Конец республики (Езерский) - страница 106

Спустя несколько дней Афинодор зашел к Октавиану. В таблинуме находились самые близкие друзья Цезаря. Они беседовали, но когда вошел Афинодор, замолчали.

— Пусть наш спор разрешит любимый учитель, — сказал Октавиан, идя навстречу Афинодору. — Как думаешь, учитель, не пора ли мне подумать о войне?

— О войне? Ты шутишь, Цезарь! Для того, чтобы воевать, нужны большие силы, огромные средства, любовь народа, расположение общества… А есть ли все это у тебя? Обеспечен ли тыл? Ведь внутренний враг опаснее внешнего…

— Подумать о войне можно, а готовиться к ней должно, — перебил Агриппа, — только меня занимает вопрос, против кого замышляешь ты войну? Ведь недавно ты заключил мир…

Говоря так, Агриппа лукавил: он знал, на кого намекал Октавиан.

— Неужели ты успел забыть наши беседы?

— Каждое твое слово, как малейшая черточка лица, высечено резцом ваятеля в моем сердце.

— Тяжеловесная риторика, — тихо пробормотал Меценат, но достаточно громко, чтобы мог услышать Агриппа.

— Да, риторика, но правдивая, а не лживая, какой ты, царь, привык пользоваться, — так же тихо ответил Агриппа и повернулся к Октавиану. — Ты, очевидно, намекаешь, Цезарь, на Секста Помпея, но тогда для всех нас непонятна твоя политика: ты породнился с ним, чтобы избежать войны, а теперь стремишься к тому, чтобы родство твое стало причиною войны… Я предупреждал тебя…

— Молчать! — бешено крикнул Октавиан и ударил кулаком по столу. — Мне надоело твое глупое красноречие с рассуждениями о подлости и унижении!..

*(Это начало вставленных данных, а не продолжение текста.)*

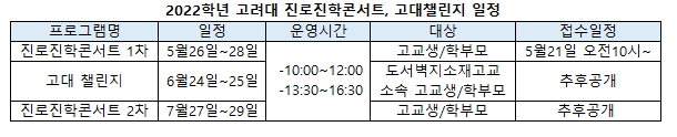 진로진학콘서트 1차는 5월26일~28일, 2차는 7월27일~29일에 열린다. 1차 신청은 5월21일 오전10시부터 홈페이지에서 선착순 접수를 받는다. 진로진학콘서트 2차 신청과 고대챌린지 신청일정은 추후 공개한다. 상담 내용은 2022학년 고려대 입학전형 안내와 2021학년 전형결과 안내 및 질의응답, 진학 및 대학생활 관련 상담 등이다. 학생부 개별 검토 및 합불여부 판단은 제공하지 않는다.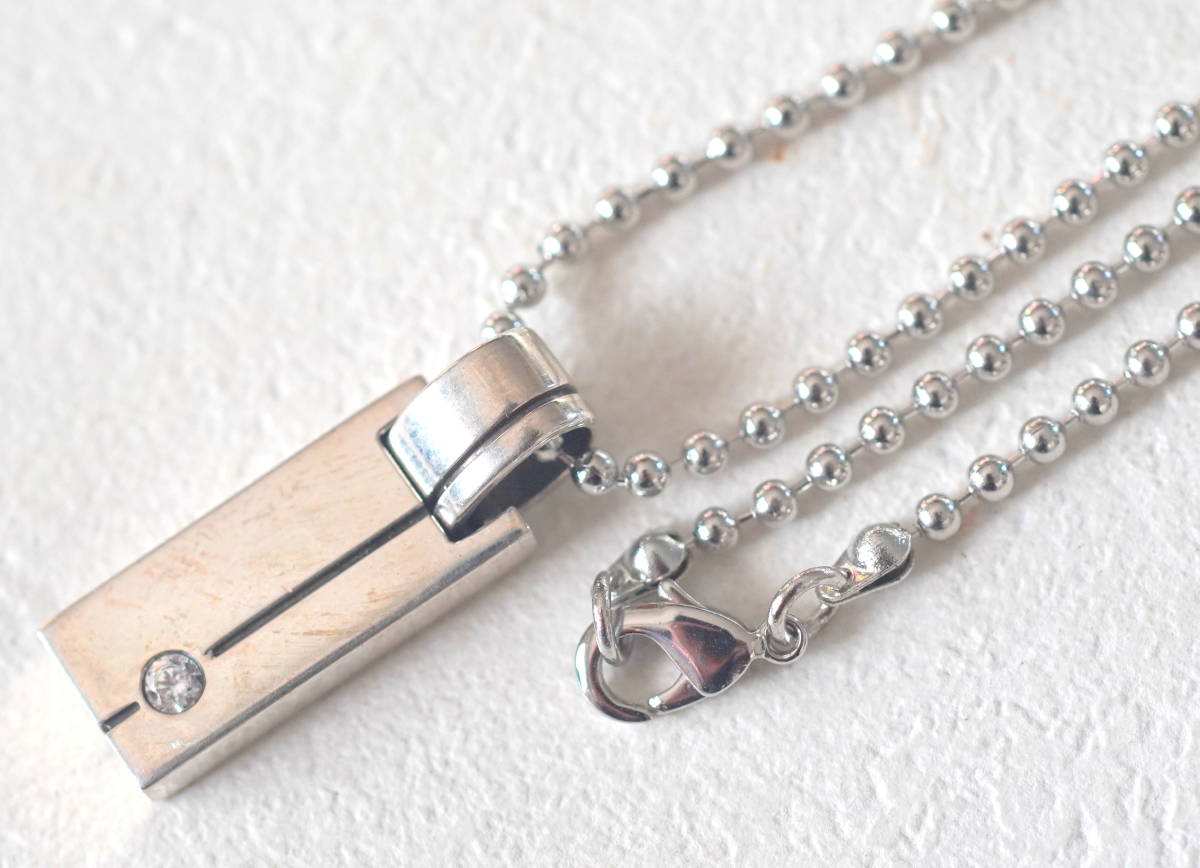 - シルバー925製トップ付き ジルコニア付きライン入り シンプルなレクタングルプレートのネックレス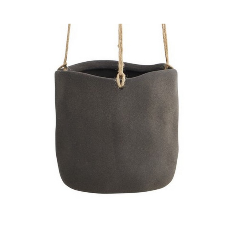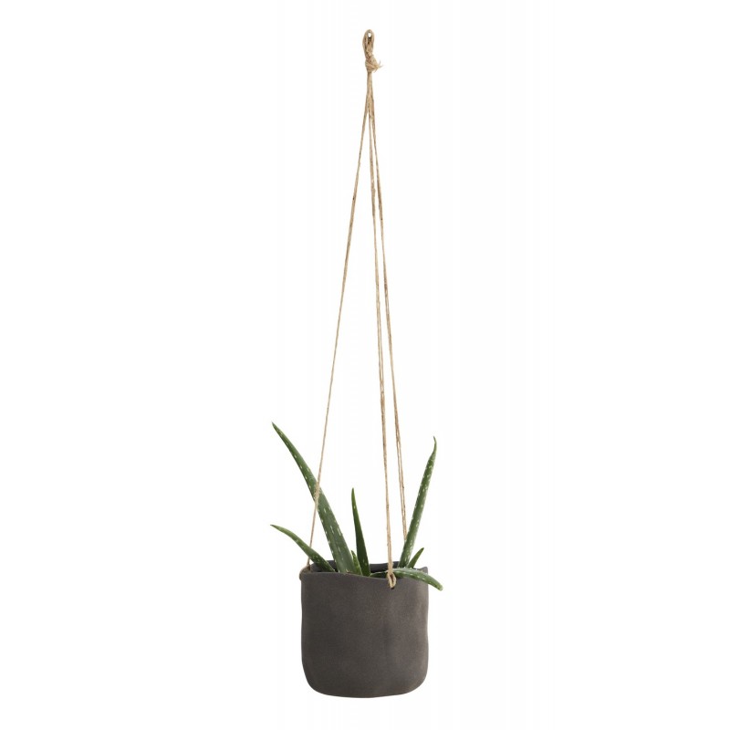 cache pot suspendu gres noir poterie artisanale jute madam stoltz

Агриппа молча встал и направился к двери.

— Подожди. Твой обиженный вид меня только раздражает, — кричал Октавиан. — Ты мне надоел! Ты…

Агриппа остановился.

— Если тебе, Цезарь, я надоел, то позволь мне оставить тебя. Меня вполне заменят Меценат, Афинодор и другие. Прощай.

И, хлопнув дверью, он поспешно вышел.

Октавиан вскочил и выбежал за ним. Слышно было, как он что-то говорил прерывистым голосом, и вдруг его слова ворвались в таблинум:

— …я умоляю тебя, Марк, о прощении. Я несправедлив, резок и груб, как погонщик мулов… Хочешь, я поцелую тебя, Марк? Не сердись же, прошу тебя… Боги наградили меня дурным нравом, и я не виноват, что злой демон нарушает автараксию, нанося ущерб окружающим…

Агриппа возражал, потом все утихло. Меценат сидел с презрительной улыбкой на губах, Афинодор — опустив голову. Обоим было стыдно за Октавиана. Наконец на пороге появился триумвир, ведя за руку упиравшегося Агриппу.

— Садись, садись, — говорил Октавиан, не замечая опущенных глаз друзей. — Я тебя ценю и люблю больше всех, Марк Випсаний, и оттого, может быть, придираюсь… Я хочу, чтобы ты стал лучшим.,.